If you’re a regular to Geek News Central, you most likely know what to do and what not to do to be safe. Do your family and friends a favor and send them a link to this post or, at the very least, talk to them about how to be safe on the Internet.

73’s, Tom


Real or Imagined Threats?

Some news reports out today are leading the public to believe that the April 1st threat of Conficker has been a whole lot of nothing. Yes, the worm had a trigger date to take over machines on the 1st, and for machines that weren’t protected, that takeover happened. I’m currently working with a friend of my son’s on one of the computers in her household that ended up being infected with Conficker. For most people, because their machines were patched and their virus programs up to date, no problems were noted.

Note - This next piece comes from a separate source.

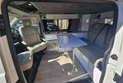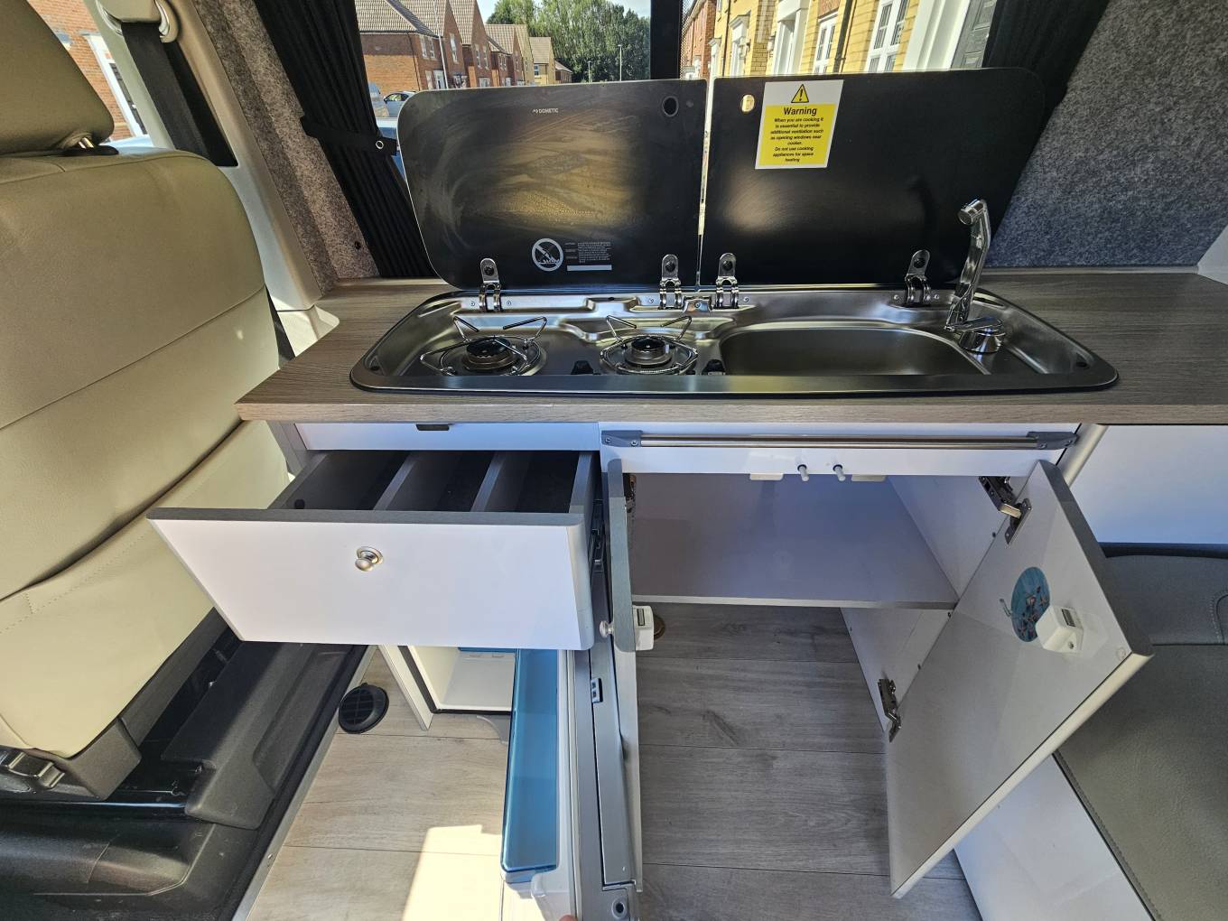 Inside, you’ll find a rock and roll bed with options to elevate each end to relax and watch the stars or surrounding scenery. It comes with a versatile seating area with a centre dinette, and a fully equipped cabin with features such as cab air conditioning, heated seats, and a swivel passenger seat and captain seat to create a flexible lounge or dining space. The high-end finish includes soft-closing cabinet doors, and a fridge freezer is installed to keep food and drinks fresh throughout your travels. A gas bottle is also included, ready for any cooking needs on the road with the 2 ring gas burner.

So of course follows lots of commentary about how everything was blown out of proportion, ala Y2K.

I completely disagree. In my mind, it is because of the publicity and news reports that the Conficker worm had less purchase and effect overall. People were paying attention, and they were making sure their machines were clean. If they didn’t know how, they tagged a geek who did, and made sure they were ready for this particular threat. Just because we were prepared for the threat doesn’t mean it was any less of a threat. There are still machines out there that are infected and will need to be addressed, but I believe the threat is a whole lot lower mainly because people were aware and doing what the needed to do to keep from being infected.

I know, sometimes to the rest of the world we geeks are running around hollaring about viruses and worms and oh-my-gosh-it’s-the-end-of-the-world, but the fact is, if we didn’t take these things seriously, there’d be even worse threats and worse infections turning machines into zombies for us.

This weekend I imagine I’ll spend a couple of hours trying to come up with a fix for my son’s friend’s machine. I’d rather have talked to a few people about the worm and how they should be protecting themselves, than spending my weekends and evenings fixing problems that could have been avoided with a little prevention.

Of course, on this blog, I’m preaching to the choir, aren’t I?